Even in those cses where the tribal chiefs have hundreds of wives, there isn't the "alpha-male" drive to keep other males from procreating; high-status subordinates are "rewarded" with a wife or wives of their own. Even the most greedy and jealous tribal chief probably uderstands that completely depriving other human males of the opportunity for progeny is a serious health risk. :p

3113 said:
Among wolves, only the alpha males genes get passed on. But among humans, the alpha male's genes and those of any other male sneaking around behind his back get passed on...as well as all the females' genes.

Male Lions apparently can tell if a cub is theirs or another males offspring and will kill any they don't recognise as theirs; humans aren't that sensitive to blood relationships so sneaking around is practical. :p

There are several known genetic traits that are passed strictly through the female line. The original mutant doesn't have to be a male -- males just have the innate ability to pass on a mutation faster than once every nine months.
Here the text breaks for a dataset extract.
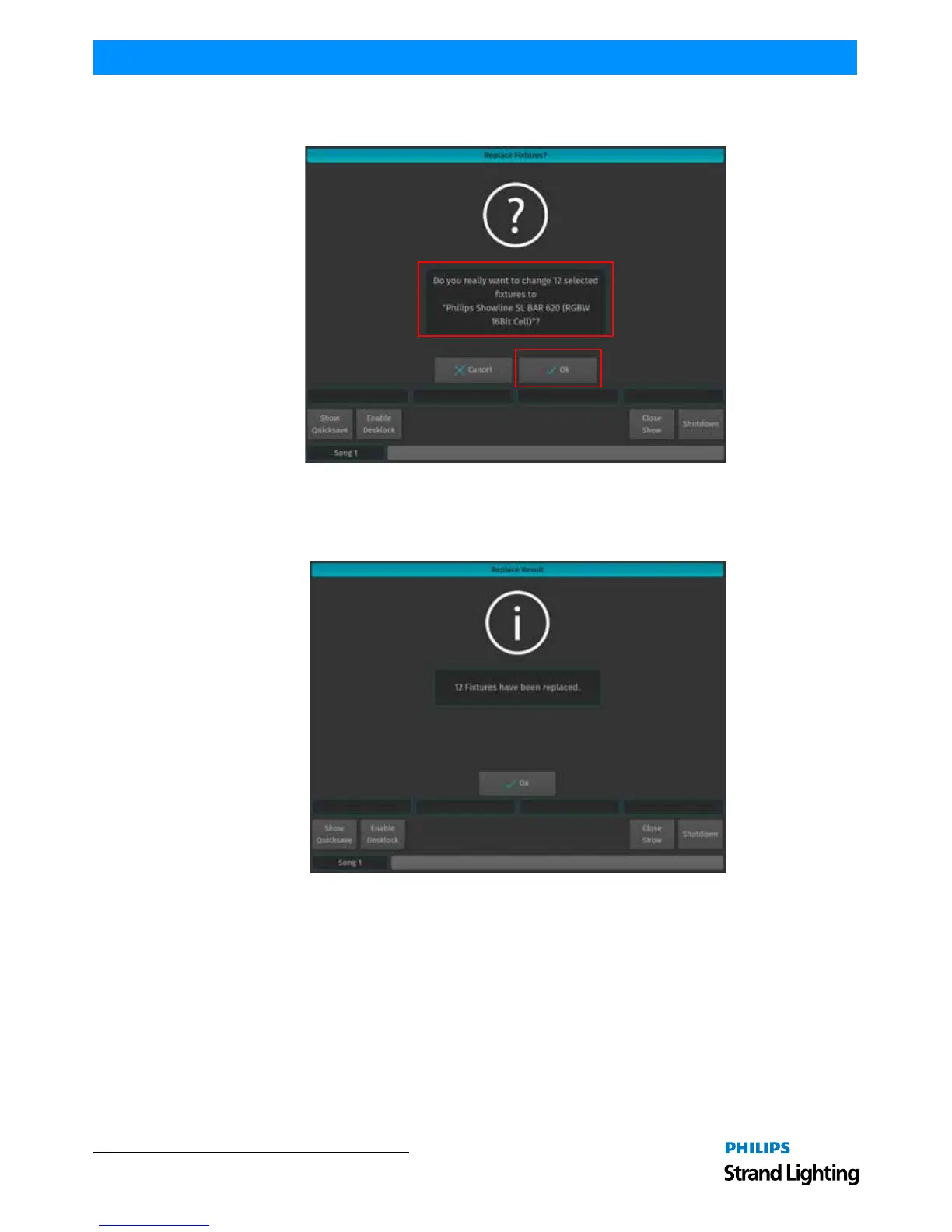 The console will now ask for confirmation on the fixture replacement (Figure 99), displaying a brief summary of the

Female linked traits take much longer to spread than male linked or asexual traits do.
 
Weird Harold said:
In ElSol's original premise, "...a failed TV show about a new species of man coming into existence in central america...," Homo Novus was likely the result of conscious planning -- eg Eugenics -- that concentrated and accelerated the speciation.

The show never got into but I would like to have it follow the evolutionary forced mutation.

An isolated population in a civil war... it gives me all the evolutionary requirements for advancement.

I was going to go for the mixing of races in a latin country had started the process and then civil war forced the rest..

i.e. high death rate, a predator (other homo sapiens) to evolve against, war reducing the number of males to a point where fewer and fewer male genetic lines...

Do you ever get the feeling it's more fun to build the structure of the story than to actually write it? 'Cause I know this thing is headed for the 'Whenever I have time pile...' but it's just so cool to think it through to the plausible.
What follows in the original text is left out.